During testing I had two strange occurrences which I will record to remind me never to trust the new cameras without checking exposures as they are taken.

I was taking a grey card, on a tripod with the Coolpix P7000 under constant lighting and got these exposures in Aperture mode for the same f/5.6 within seconds of each other.
 

I was checking variation in lenses using a fixed aperture of f/8 with the D700 and the 2 inner images are from my wide angle lens.  I thought this must mean that the diaphragm is sticky and not closing down quick enough.


On further exhaustive checks, including rapid bursts, there was no change in exposure over the entire Aperture and Zoom range!

Stained Glass Window and Zones

The Spot metering of highlight and shadow are shown in this cropped composite image as well as the Matrix metering (that was heavily influenced by the wall area).

A range of 6ev, assuming the spot metering was correct. 

The D700 should be able to take this dynamic range in a single shot, but as the 400% ev 10 insert images shows, this was not going to be possible for jpg images to capture good detail at both ends.

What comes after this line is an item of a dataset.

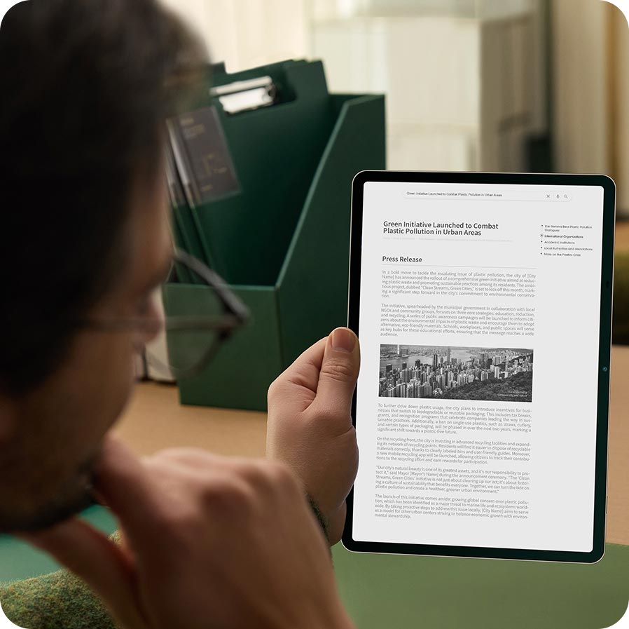 Reconocida por su tecnología AG, la superficie mate NXTPAPER, que no deja huellas dactilares, es antirreflectante desde cualquier ángulo. NXTPAPER 4.0 utiliza litografía de nanomatriz de 60 millones de niveles en su proceso de grabado, lo cual mejora en gran medida la nitidez de la pantalla. Tanto si lees texto pequeño en un documento como si ves contenidos multimedia de alta resolución, la pantalla presenta cada contorno de texto y cada detalle de la imagen con una nitidez inigualable.

The 'highlight' exposure can be ev10 as we can capture detail for 2 more EVs.

The shadow detail can be easily captured by curving a +2ev exposure.

So the minimum is 3 brackets of +/- 1ev centred on ev 9 (8-10 ev).

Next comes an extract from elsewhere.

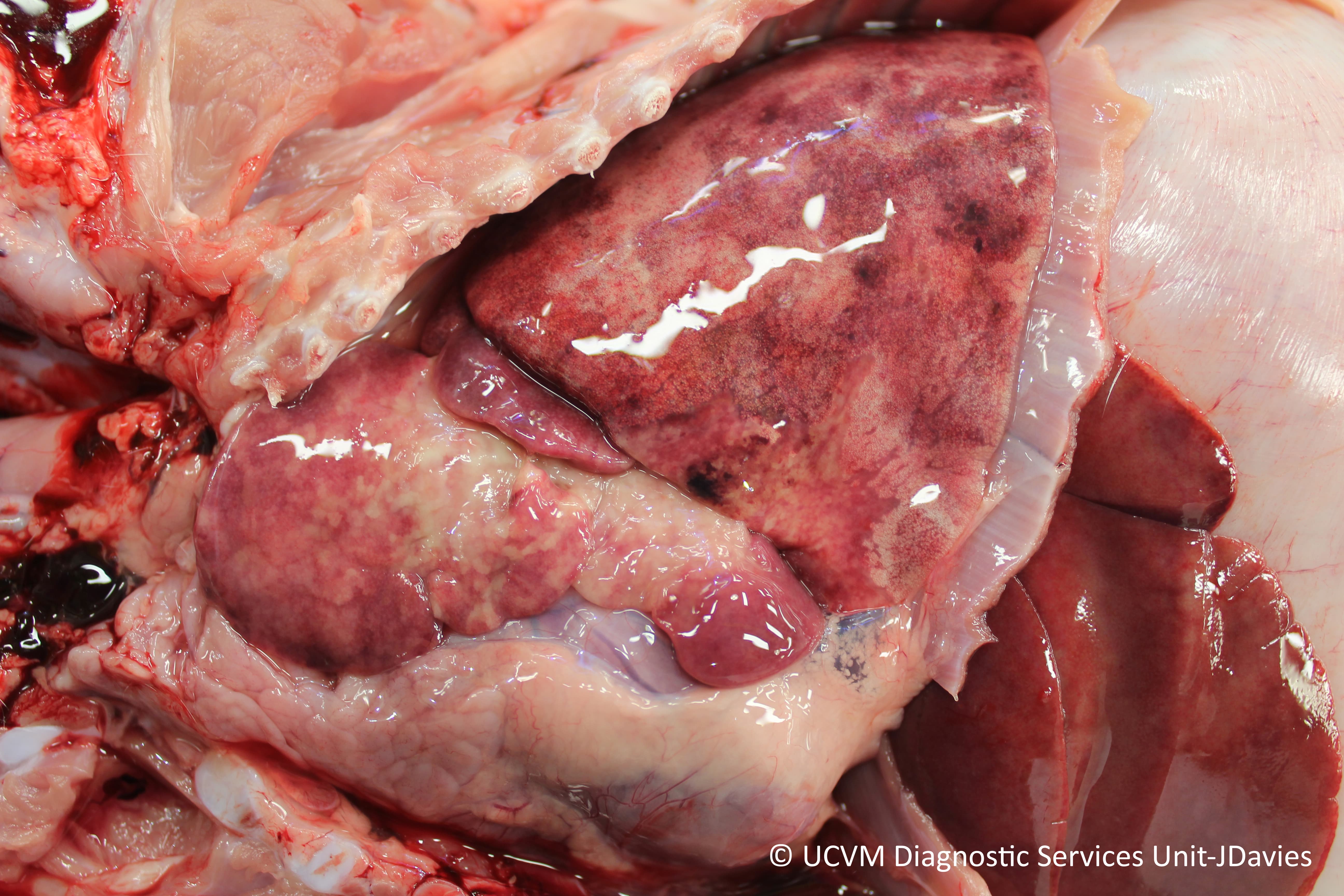 Irregular consolidation in the cranioventral areas, with a firm texture and dark-red or gray-pink colour

But for safety a 5 bracket on ev 8 (6 - 10 ev) was taken to ensure sufficient colour and shadow detail was obtained.

 
These set of exposures then allowed me to construct 2 different renditions of the window, depending on whether I wanted the stone work to be visible.  One could also have the dark window within the light stone work, if the glass rather than the whole image was important to emphasise.

I had a comment from Russell Cottrell on this photo, which says it from a different (more zone-ish?) view-point...

"it would have made more sense to me to say that at the given exposure (ev8), the dark area (ev6) fell on zone III, and the light area (ev12) on zone IX.
Bracketing, at the ev10 exposure, the light area came down to zone VII, which is much more manageable."

And...

I've added a Zone Ruler to the Colour Watcher which should help one learn - not sure how useful it is in post-processing.